In summary, the experimental device for simulating a bridge under the combined effects of wind and sunshine disclosed in the present invention simulates the influence of the solar temperature field on the bridge by setting up a sunshine simulation unit and a ground reflection structure, provides the designer with data on the influence of temperature on the bridge, and is helpful to analyze and solve the temperature problem currently existing in bridge construction. The wind speed can be adjusted in different gears by the blower arranged on the side, and the wind direction angle can also be adjusted, thereby simulating the static and dynamic effects of wind on the bridge in a natural environment, and reflecting the changes in the wind pressure value of the bridge, the effects of wind acting at different positions on the bridge, and providing the designer with valuable experimental data when designing the bridge, thereby reducing the project cost. The device has a simple structure, low manufacturing cost and good applicability.

The concept, specific technical scheme and technical effects of the present invention will be further described below in conjunction with specific implementation methods to fully understand the purpose, characteristics and effects of the present invention.

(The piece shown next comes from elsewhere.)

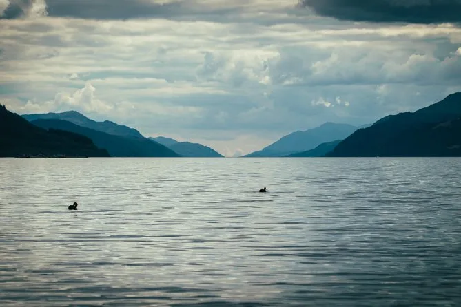 Mallaig fue nuestra parada para comer — un pueblo pesquero pequeño con olores a sal, pescado frito y algo dulce de una panadería que no pude probar. Intenté pedir marisco, pero mi acento debió confundir a la camarera; se rió y me ayudó igual. Después, de vuelta a la carretera rumbo a Fort Augustus, donde puedes caminar justo a la orilla del lago Ness. El agua parecía casi negra bajo las nubes densas — no daba miedo, pero sí una sensación antigua. Recuerdo que me quedé un rato más parado que los demás.

BRIEF DESCRIPTION OF THE DRAWINGS

FIG1 is a schematic diagram of the structure of an experimental device for simulating a bridge under the combined effects of wind and sunshine according to the present invention;

FIG2 is a schematic diagram of the front structure of a track pulley of an experimental device for simulating a bridge under the combined effects of wind and sunshine according to the present invention;

FIG3 is a schematic diagram of the side structure of a track pulley of an experimental device for simulating a bridge under the combined effects of wind and sunshine according to the present invention;

4 is a schematic diagram of the connection of a sunshine simulation lamp, a sunshine simulation pulley, and a front structure of an arc frame of an experimental device for simulating a bridge under the combined effects of wind and sunshine according to the present invention;

5 is a schematic diagram of the connection of a sunshine simulation lamp, a sunshine simulation pulley, and a side structure of an arc-shaped frame of an experimental device for simulating a bridge under the combined effects of wind and sunshine according to the present invention;

In the figure, 1. blower; 2. sunlight simulation lamp; 3. sunlight simulation pulley; 4. track pulley; 5. circular frame; 6. ground reflection structure; 7. arc frame; 8. bridge model; 9. small pulley; 10. tripod.

DETAILED DESCRIPTION

The following introduces several preferred embodiments of the present invention to make its technical content clearer and easier to understand. The present invention can be embodied in many different forms of embodiments, which are exemplary descriptions, and the protection scope of the present invention is not limited to the embodiments mentioned in the text.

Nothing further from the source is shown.